### Material provided
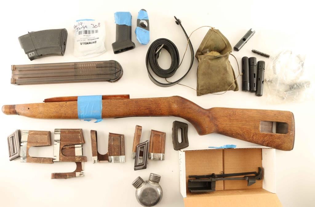 M2 parts including stock, springs and others, Russian parts including oilers, springs, belt, grip and more, misc clips and mags, and (2) pairs of wood grips.
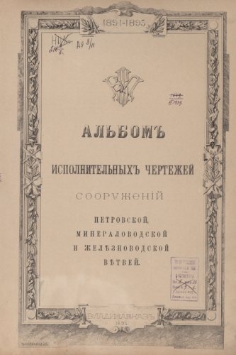 Альбом исполнительных чертежей сооружений Петровской, Минераловодской и Железноводской ветвей / Общество Владикавказской железной дороги. - Владикавказ, 1897
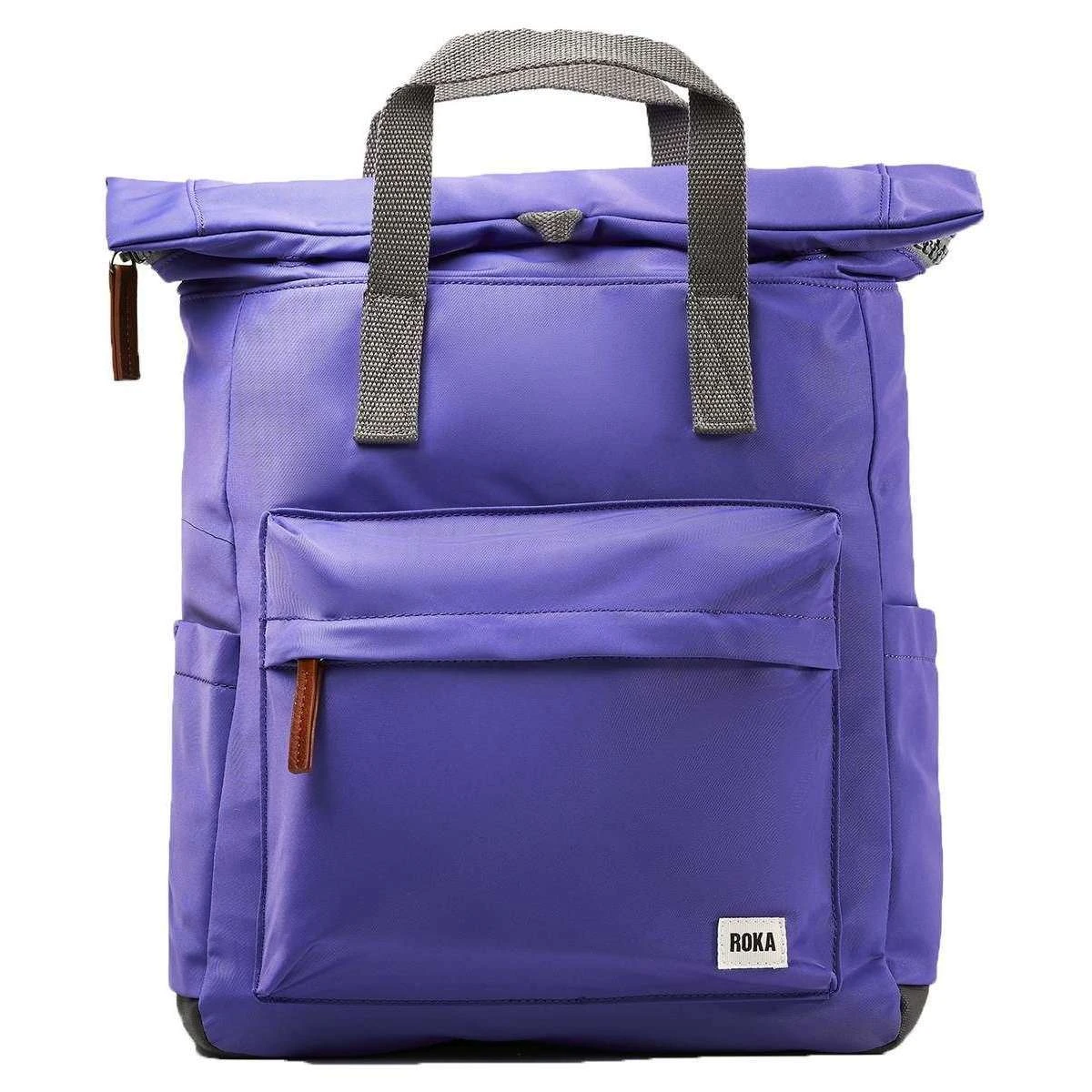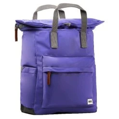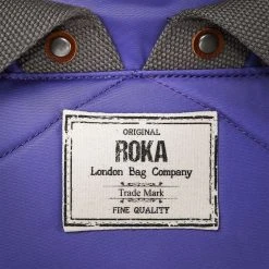 This unisex canfield b medium sustainable nylon backpack by the brand Roka is made from 100% weather resistant recycled nylon (triple coated) and is showcased in purple. It measures 42cm(height) x 30cm(width) x 12cm(depth). All the bags come complete with roka packaging. The Roka Canfield B Medium Sustainable Nylon Backpack – Peri Purple is weather-resistant, durable, lightweight and sleek. Excellently crafted from recycled rPET materials, 12 or more plastic bottles are used to create this backpack making it environmentally friendly and sustainable. The roll top design enables the backpack to have a wide mouth opening which is secured with a sturdy zip and magnetic hold, carrying your essentials couldn’t be safer. Featuring a secret wallet pocket, a padded 15” laptop compartment, two side pockets perfect for water bottles, this backpack allows you to carry everything you may need on your day-to-day travels. Carry in complete comfort with the adjustable cotton webbing straps or the twin carry handles. This bag is completely vegan.
######
Everything from the line with "Альбом исполнительных чертежей" through the last line of the listing above is to be copied exactly, both ends included, except the pictures.

# Output of the exercise:
 Альбом исполнительных чертежей сооружений Петровской, Минераловодской и Железноводской ветвей / Общество Владикавказской железной дороги. - Владикавказ, 1897
 This unisex canfield b medium sustainable nylon backpack by the brand Roka is made from 100% weather resistant recycled nylon (triple coated) and is showcased in purple. It measures 42cm(height) x 30cm(width) x 12cm(depth). All the bags come complete with roka packaging. The Roka Canfield B Medium Sustainable Nylon Backpack – Peri Purple is weather-resistant, durable, lightweight and sleek. Excellently crafted from recycled rPET materials, 12 or more plastic bottles are used to create this backpack making it environmentally friendly and sustainable. The roll top design enables the backpack to have a wide mouth opening which is secured with a sturdy zip and magnetic hold, carrying your essentials couldn’t be safer. Featuring a secret wallet pocket, a padded 15” laptop compartment, two side pockets perfect for water bottles, this backpack allows you to carry everything you may need on your day-to-day travels. Carry in complete comfort with the adjustable cotton webbing straps or the twin carry handles. This bag is completely vegan.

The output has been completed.